How do I merge dictionaries together, using weights?_问答_开发者

d1 = {'weight':1, 'data': { 'apples': 8, 'oranges': 7 } }
d2 = {'weight':3, 'data': { 'apples': 4, 'bananas': 3 } }
all_dictionaries = [d1, d2, ... ]

def mergeDictionariesWithWeig开发者_如何学Goht(all_dictionaries)

How do I merge these dictionaries together (if overlap, multiple value with the weight)
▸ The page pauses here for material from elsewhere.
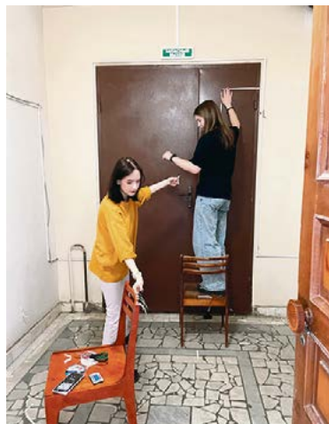
Процесс организации выставки

ных ритуалах, которые мы привыкли выполнять автоматически. Студенты предлагают поместить рутину нашей жизни в чистое пространство музея, чтобы актуализировать то, что считается неважным, неинтересным и лишённым смысла, вернуть осознанность повседневности и сравнить её с фантазией.
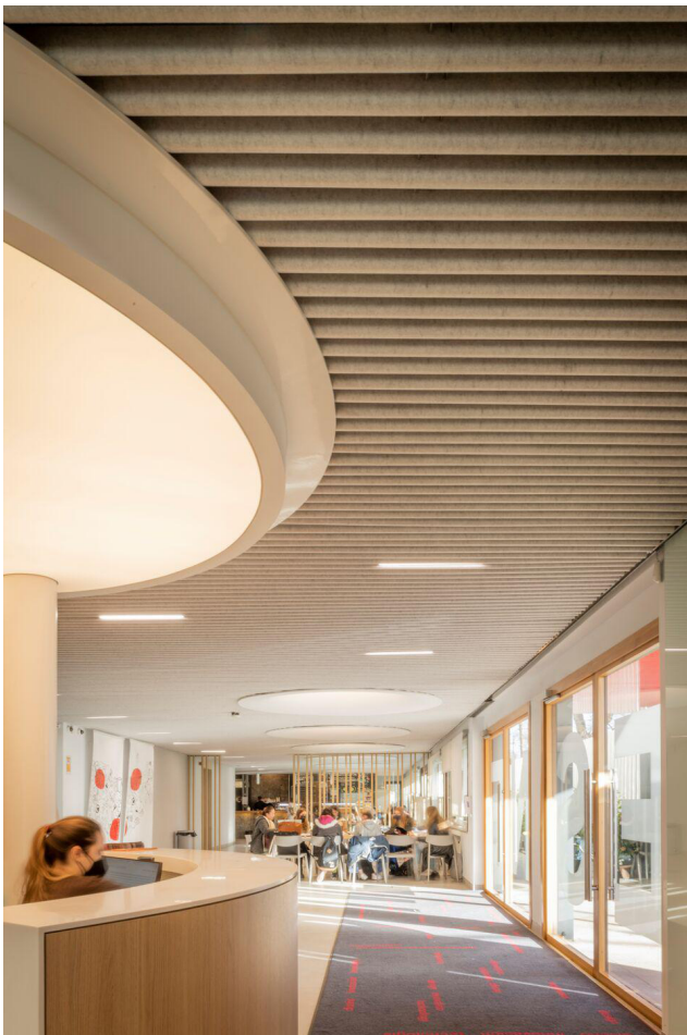
P2 FAUX PLAFOND ACCOUSTIQUE LAMES FEUTRE TYPE HEARTFELT LINEAR DE HUNTER DOUGLAS SUR OSSATURE SUPPORT

The function would return:

{ 'apples': 4, 'oranges': 7, 'bananas': 3 }

Apples is 4 because 8 * .25 + 4 * .75

Edit: I just wrote one that takes the average, something like this. But of course it's really different from what I want to do, because I stick everything in a list and just divide by the length.

result = {}
keymap = {}
for the_dict in dlist:
    for (k, v) in the_dict.items():
        if not keymap.has_key(k):
            keymap[k] = []
        keymap[k].append(v)
for (k, v) in keymap.items():
    average = sum(int(x) for x in keymap[k]) / float(len(keymap[k]))
    result[k] = float(average)
return result

>>> from collections import defaultdict
>>> d=defaultdict(lambda:(0,0))
>>> for D in all_dictionaries:
...   weight = D['weight']
...   for k,v in D['data'].items():
...     d[k]=d[k][0]+weight*v,d[k][1]+weight
... 
>>> dict((k,v[0]/v[1]) for k,v in d.items())
{'apples': 5, 'oranges': 7, 'bananas': 3}

If you need floating point result

>>> dict((k,1.*v[0]/v[1]) for k,v in d.items())
{'apples': 5.0, 'oranges': 7.0, 'bananas': 3.0}

Notes about defaultdict

Often you see defaultdict(int) or defaultdict(list) maybe even defaultdict(set). The argument to defaultdict must be callable with no parameters. The result of calling this parameter is used whenever a key is found to be missing. ie - calling this returns the default value for the dictionary

for example

>>> d=defaultdict(int)
>>> d[1]
0
>>> d['foo']
0

This is often used for counting things up because int() returns 0. If you want the default value to be 1 instead of 0, it's more tricky because you can't pass a parameter to int, but all you need is a callable that returns 1. This can be accomplished without too much fuss by using a lambda function.

>>> d=defaultdict(lambda:1)
>>> d[1]
1
>>> d['foo']
1

In this answer, I want to keep track of the weighted total, and the total of the weights. I can do this by using a 2-tuple as the default value.

>>> d=defaultdict(lambda:(0,0))
>>> d[1]
(0, 0)
>>> d['foo']
(0, 0)

Here's a solution that first uses gathers the items into a list using a temporary dict, and then computes the final weighted dict. It can probably be done without a temporary, but this is easy to understand.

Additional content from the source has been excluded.